The Metering Challenge
It is challenging to build a metering system that is scalable, accurate and cost-effective:
- Cost: Database writes at scale can be expensive.
- Accuracy: Metrics systems may not provide the needed accuracy due to sampling.
- Latency: Periodic batch processing in data warehouses can introduce latency.
Auditable data is classified as such when the loss of any data record is intolerable, and complete records retention is necessary. When utilizing an auditable dataset, it is expected to be comprehensive and complete. Examples of auditable data include transaction logs, replication logs, and billing/finance events.
Operational data, conversely, doesn't require strict completeness. To maintain manageable costs, sampling is often employed, and some degree of data loss is acceptable. Tools designed to manage operational data often prioritize efficiency, bypassing retries and costly guarantees of exactly once delivery. Examples of operational data include telemetry, metrics, and contextual data that describe each request and system component.
OpenMeter is designed to give auditable guarantees required for billing while keeping the scalability and real-time benefits typically only seen with operational data.
Learn more about Auditable or Operational data.
Monitoring systems are tailored to gather, process, and store operational data. However, these systems often lack the level of consistency crucial for auditable use cases like billing, where legally binding contracts necessitate accuracy and complete data.
Metrics systems like Prometheus scale well for many timeseries data points but keeping cardinality low is advised, making it difficult to track individual user resource consumption on a large scale.
Scaling databases to accommodate write-intensive event ingestion and real-time queries can be costly. Not only you need to store every single record in the database, but also, you must scan through them for aggregation in your queries, driving up load and cost.
This is why OpenMeter uses stream processing to pre-aggregate usage data before storing it in a long-term database. As part of the data processing, we send usage events to a message queue first to avoid overwhelming the database and to protect against data loss in case of failures. The long-term aggregates are then stored in an OLAP database designed to store and query large volumes of analytics data efficiently.

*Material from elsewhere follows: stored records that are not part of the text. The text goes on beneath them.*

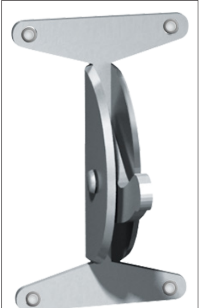
Scan for Information
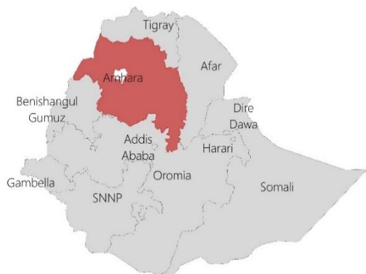
Map of project region in Ethiopia

In Ethiopia, up to 70% of the population is dependent on agriculture, which brings in some 38% of the gross national product. The uplands are densely populated and depending on the region, the average parcel size is 0.25 ha and average farm size is between 1.5 and 2 ha with a trend toward even smaller farms, coupled with a national population growth of 2.6%. The farming of fragmented mini-plots is extremely inefficient, which is why they are known as 'starvation plots'. It prevents the modernisation of agriculture and an accompanying increase in agricultural productivity, which undermines the food security of the households. The Ethiopian Government has recognized the need to encourage farmers to create larger plots by exchanging agriculture parcels. However, there are no laws, regulations or guidelines that regulate land consolidation procedures or stipulate their design. In addition to the unclear legal framework, the responsible authorities at regional level and the private service providers lack in-depth knowledge regarding how a procedure for land exchange or land consolidation can be prepared and carried out using a participatory approach.
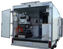
2015 FORD F-350 w/ IBAK Pipeline Inspection Van

Demo 2015 IBAK Pipeline Inspection Van equipped with Orion zoom PAN & Tilt camera, a T66 camera tractor that has zero turn radius and full steering with ATC and more. #140116
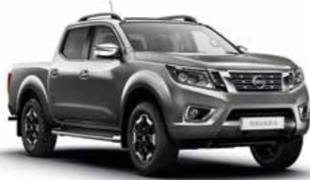
TWILIGHT GREY (M)
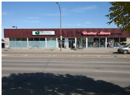
100 SIGNAL RD 100 SIGNAL RD FORT MCMURRAY, ALBERTA
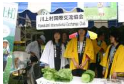
Fellowship Zone, ECO-Rangers Activities
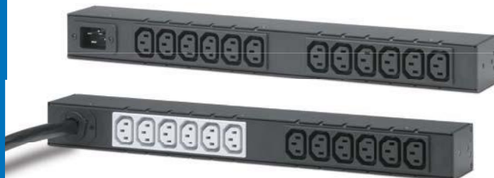
Horizontal 1U or Vertical Mounting
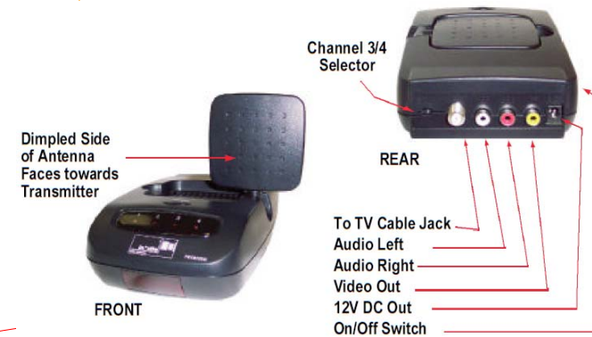
(B) Above photo Basic Receiver

Other factors that may cause signal interference include metal/concrete obstacles, water, other 2.4GHz wireless devices and microwave ovens operating in close proximity to the receiver unit.
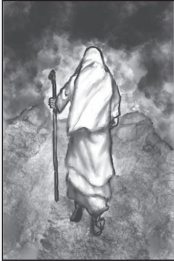
Moses approached the thick, dark cloud that hid God (Exodus 20:21).

What did Moses ask the Lord to teach him? Why did Moses want God to lead them in a visible way? Read Exodus 33:12–17 for the answers.
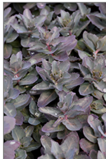
Cherry Truffle Stonecrop foliage

* This is a 'special order' plant - contact store for details
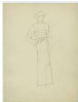
Ankle-Length Wrap Coat with Tiered Bodice (KA0067_000060)
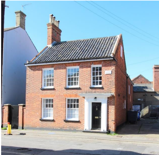
No.7 East Street
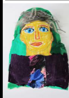
Example for: Make a Friend

What's Behind The Wall? Pop-up book yr 1+
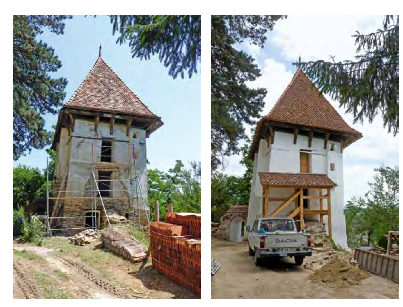
Apold/Trappold, fortress before and after the restoration
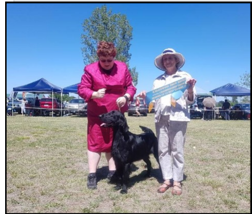
Awesome day at Braidwood Show. Ry-der took out Runner Up to Best in Group! Good boy. Lovely day there this year too, unlike the rain last year.
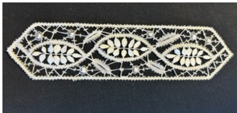
Marion's exquisite Beds bookmark
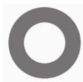
Crescent Washer: A-104-W Anstro Mfg.
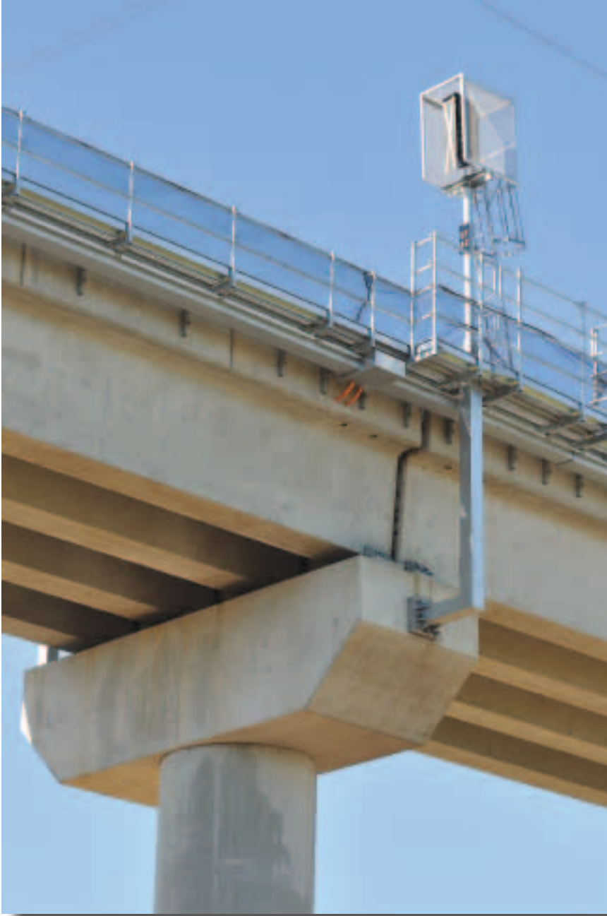
The mounting of Signal SF62 on the viaduct at Johnston Road.
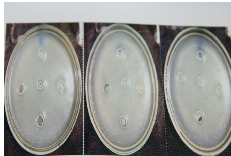
Antibiotic sensitivity test result of Acinetobacter schindleri .

A ntibiotic resistance, caused by the repeated use of it, may lead to difficulty of treatment in certain livestock diseases. This poses economic losses in the industry.
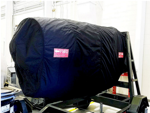
C-130 QEC / Maintenance Cover Set

This cover type is made from Silver Acrylic Sunbrella canvas and is 100% lined with a soft and smooth microfiber. Bruce's Custom Covers developed this material combination especially for aircraft protection. The outer material is medium weight and treated for water resistance, UV resistance and anti-static buildup. The inner lining is a very soft and smooth microfiber to prevent scratching. The material is very reflective, and tests show that the cabin interior temperature can be reduced to near-ambient temperature on the hottest of days. It is water, ice and snow repellent, yet breathable to allow moisture to escape from between the cover and the aircraft surface.

Storing all records in a data warehouse and processing them in batches may be cost-effective, but it leads to outdated meters. Most companies run daily batch processing, resulting in stale data that is unsuitable for immediate-response product use cases, such as usage gating, customer dashboards, and billing thresholds.
Stale usage aggregation also means slower feedback loops around consumption, which can lead to unexpected charges and customer dissatisfaction.